↓
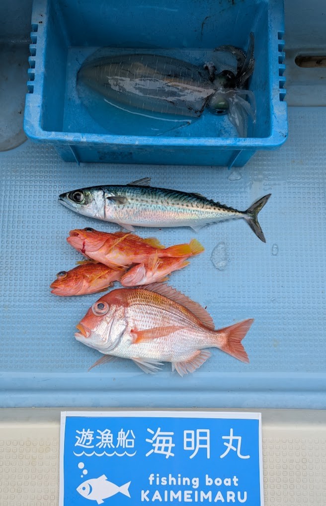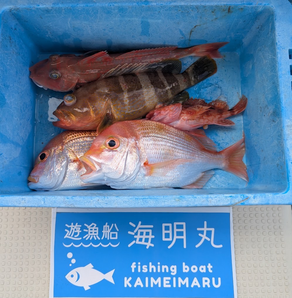 - 半日コース午前、午後でタイラバ、エサ五目便での出船でした。午前はぽつぽつ釣れてアマダイなどキャッチできましたが、午後からはなかなか渋い感じ😢ポイント移動しながら頑張っていただきましたが、ほぼカサゴだけで終了でした。<div>魚種はアマダイ、レンコダイ、イトヨリダイ、チカメキントキ、ウッカリカサゴ、アヤメカサゴ、タマガシラ、ヒメなどでした。</div><div>今日はお疲れ様でした。またの乗船お待ちしております。</div>
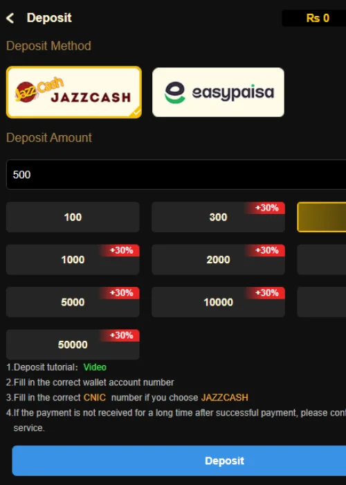 Deposit and Withdrawal in Dua66 Game
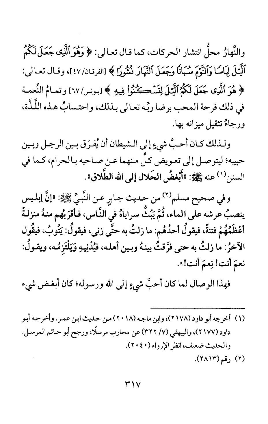السنن (1) عنه! ي!: " ابغض الحلال إلى الله الطلاق ".
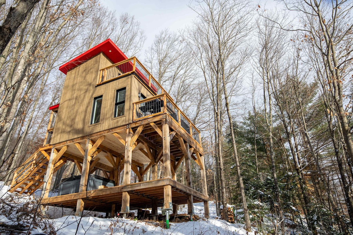 **BERHATI-HATI. Tidak sesuai untuk keluarga. Baca butiran dengan teliti sebelum membuat tempahan.** Kotej pelan terbuka kecil, dikelilingi oleh pokok, sesuai untuk mengecas semula bateri anda di kawasan desa atau memberi tumpuan kepada projek seni, menulis, dan bekerja dari jauh. Hanya beberapa minit dari Vallée du Parc, Parc Nationale de la Mauricie, Kelab Golf Le Laurentide, Le Duché de Bicolline. Berdekatan dengan Saint-Tite, pusat bandar Shawinigan dan Trou du Diable yang terkenal. Nombor penginapan CITQ: 302795
↑
### Exercise prompt
Begin at the top of the material above and output each line exactly, stopping after the line that holds "السنن (1) عنه!". Leave out pictures.

### Answer below
 - 半日コース午前、午後でタイラバ、エサ五目便での出船でした。午前はぽつぽつ釣れてアマダイなどキャッチできましたが、午後からはなかなか渋い感じ😢ポイント移動しながら頑張っていただきましたが、ほぼカサゴだけで終了でした。<div>魚種はアマダイ、レンコダイ、イトヨリダイ、チカメキントキ、ウッカリカサゴ、アヤメカサゴ、タマガシラ、ヒメなどでした。</div><div>今日はお疲れ様でした。またの乗船お待ちしております。</div>
 Deposit and Withdrawal in Dua66 Game
السنن (1) عنه! ي!: " ابغض الحلال إلى الله الطلاق ".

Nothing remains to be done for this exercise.